October 4, 2016

When the Sense of the Letter of the Word is delightful, but the Internal Sense Undelightful

From  Apocalypse Explained ~ Emanuel Swedenborg
And the voice which I heard from heaven again spake with me, and said, Go, take the little book that is open in the hand of the angel that standeth upon the sea and upon the earth. And I went unto the angel, saying unto him, Give me the little book. And he said unto me, Take and eat it up; and it shall make bitter thy belly, but in thy mouth it shall be sweet as honey. And I took the little book out of the hand of the angel and ate it up; and it was in my mouth like honey, sweet. And when I had eaten it my belly was made bitter.  (Revelation 10:8-10)
When the sense of the letter of the Word is delightful,
but the internal sense, in which are the truths themselves, it was undelightful
.

It is to be known that the understanding of the Word perishes in the church by degrees, as the man of the church from internal becomes external; and from internal he becomes external as he falls away from charity, consequently as he falls away from the life of faith.


When the man of the church is such he may, indeed, take delight in reading the Word, but yet he takes no delight in the truth itself, which belongs to the interior sense of the Word; for it is the life itself of faith, which is charity, that produces the affection of interior truth and makes it delightful. Therefore the Word as to the sense of the letter may be loved, but for the reason that it can be drawn over to confirm the falsities arising from the love of self and of the world, for such is the Word in the letter.
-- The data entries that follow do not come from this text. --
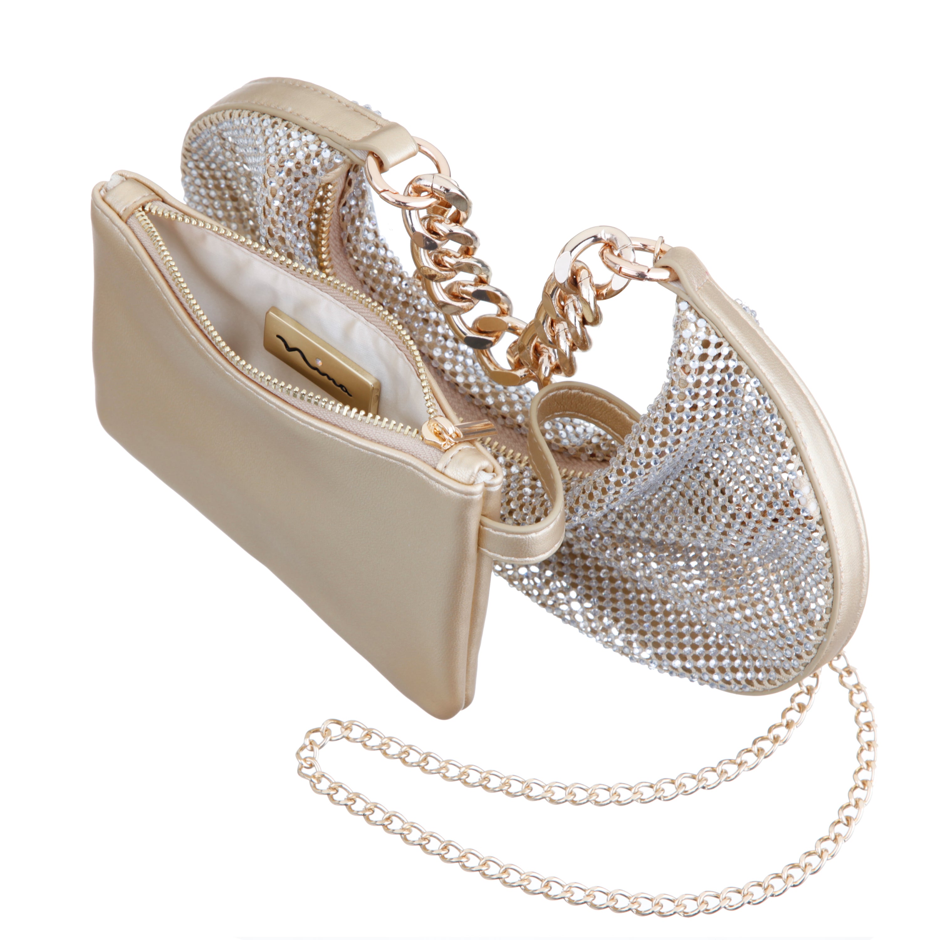 The RACQUEL by Nina is the embodiment of sleek elegance with a bold metallic twist. Featuring a 4" sculptural metal handle and a shimmering surface, this modern clutch-meets-shoulder bag adds instant edge to any ensemble. Its slim yet structured shape makes it perfect for chic evenings out, weddings, or upscale events. A zipper closure keeps your essentials secure, while the inner pouch adds discreet organization. The 24" drop-length chain strap offers a comfortable over-the-shoulder option, or carry it by the glossy metal handle for a more architectural look. Whether worn crossbody or handheld, the RACQUEL by Nina delivers contemporary glamour with effortless charm.
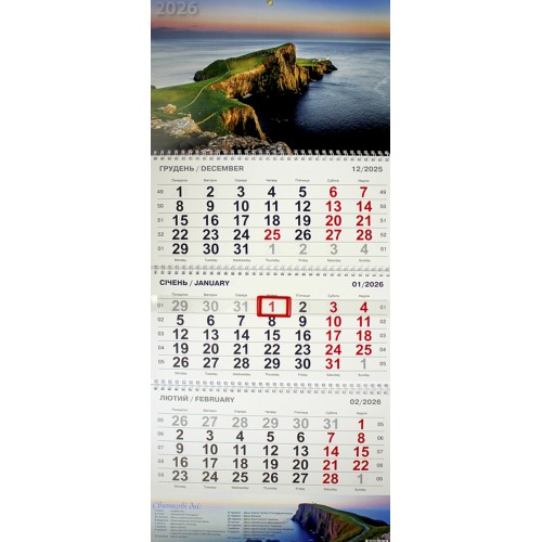 Календар кварт. настін. Мис 2026 ,3 пружини
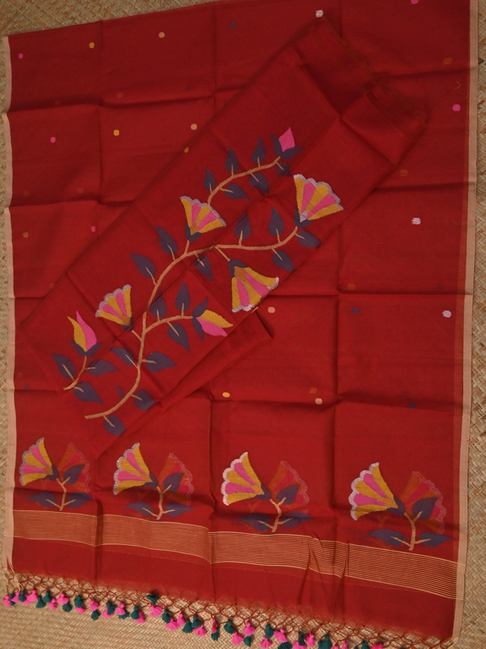 • Work: Jamdani woven floral & butti motifs
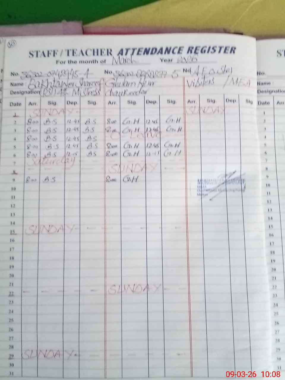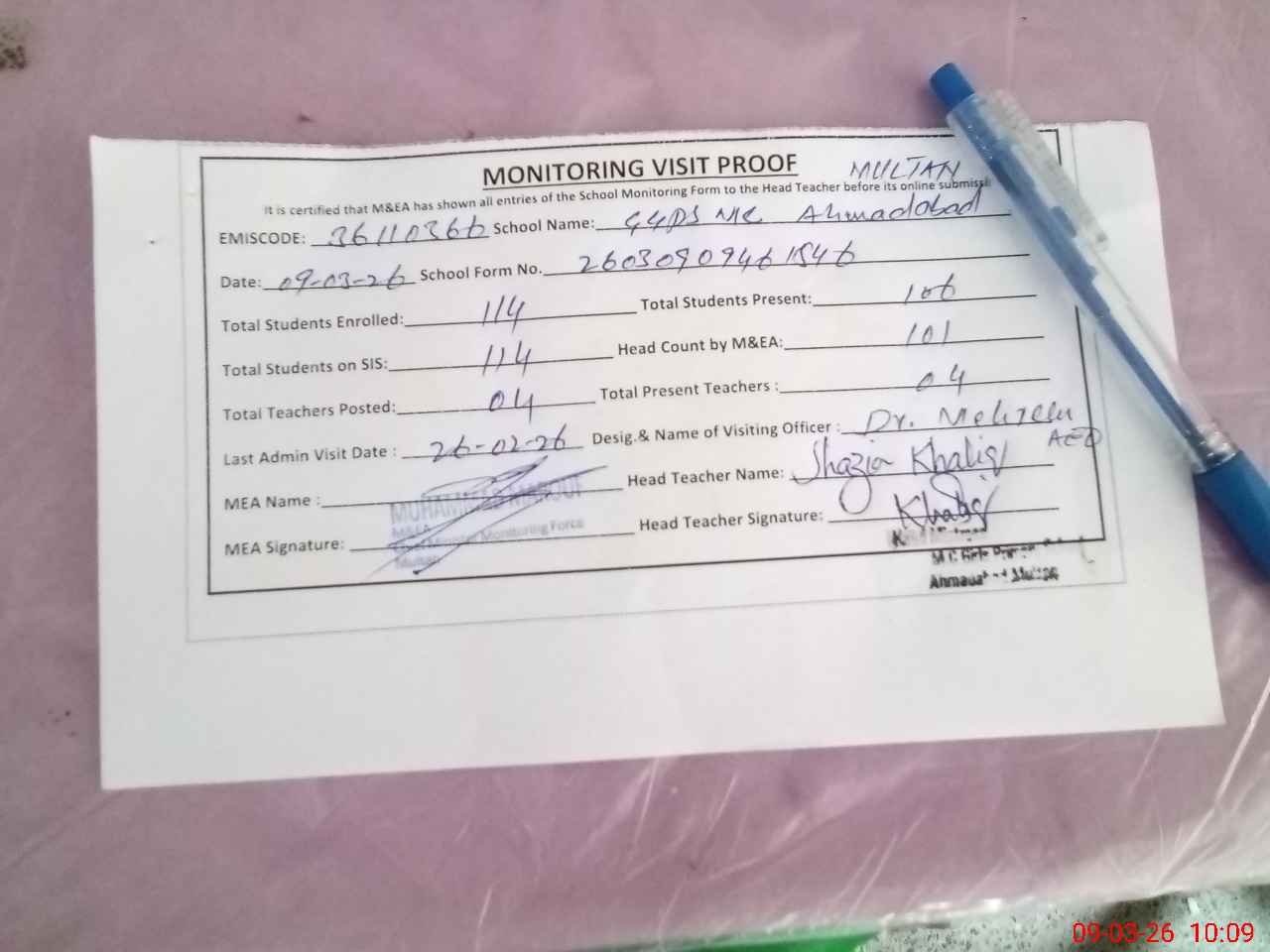 | Attendance Register | Head Teacher | MEA with School | Visit Proof |
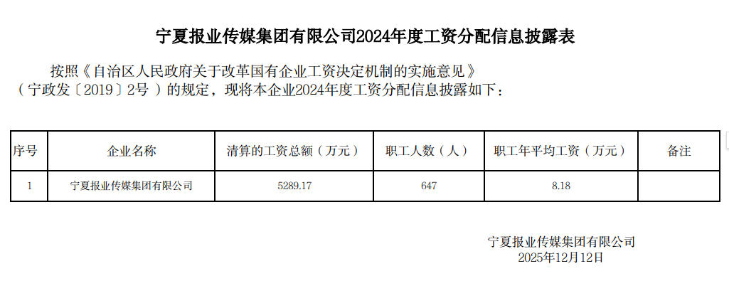 宁夏报业传媒集团有限公司2024年度工资分配信息披露表
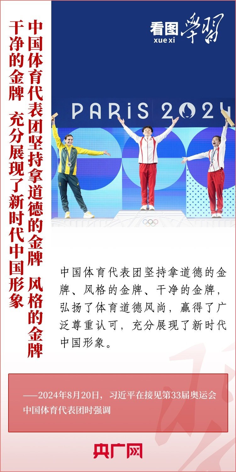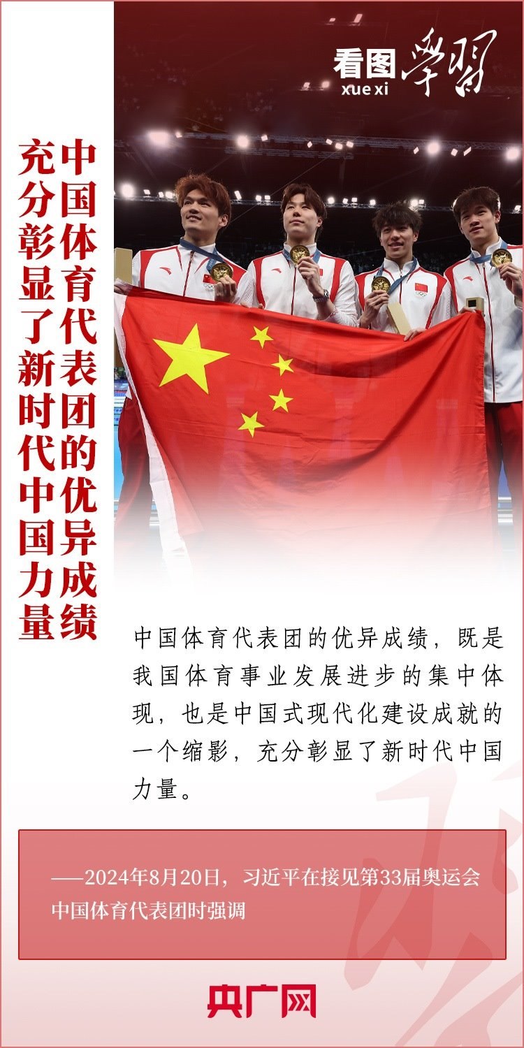 “祖國和人民為你們驕傲,為你們點(diǎn)贊?!?月20日,習(xí)近平總書記在人民大會堂接見第33屆奧運(yùn)會中國體育代表團(tuán)并發(fā)表重要講話。總書記高度肯定中國體育代表團(tuán)取得的優(yōu)異成績,贊揚(yáng)他們充分彰顯了新時代中國力量、生動詮釋了新時代中國精神、充分展現(xiàn)了新時代中國形象,勉勵大家戒驕戒躁、再接再厲,為建設(shè)體育強(qiáng)國再立新功。一起來學(xué)習(xí)!
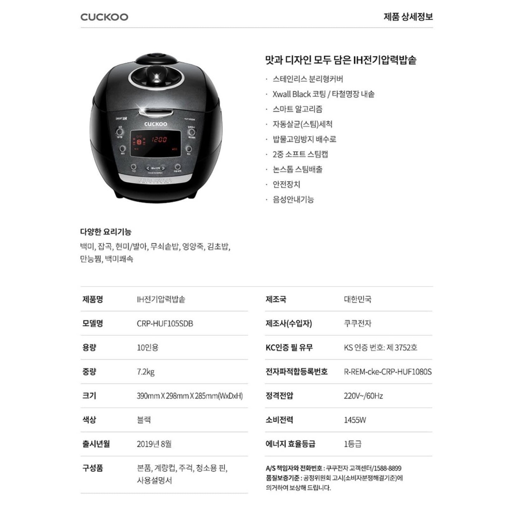 [Mã ELHADEV giảm 4% đơn 300K] [Bảo Hành 24 Tháng]Nồi Cơm Điện Cao tần Cuckoo CRP-HUF105SDB 1.8L(Nội Địa Hàn)

From this it comes that in the end of the church there is scarcely any understanding of truth. Truths from the Word are indeed then spoken with the mouth, but yet there is no idea of truth. It has been granted me to test whether this is so in the case of many in the spiritual world, and it was found that although, so far as they had spoken from the Word they had spoken truths, yet they had no understanding of them; thus they were like empty vessels and like tinkling bells, speaking only from such things as they drew forth from the memory, and not at all from any perception of the understanding. When man is such he cannot inwardly possess anything celestial or spiritual, but only what is natural, from the body and the world, and when this is separated from what is celestial and spiritual it is infernal. From this it can be seen what is meant ... by the little book given to John to eat being in his mouth sweet as honey, but that his belly was made bitter from.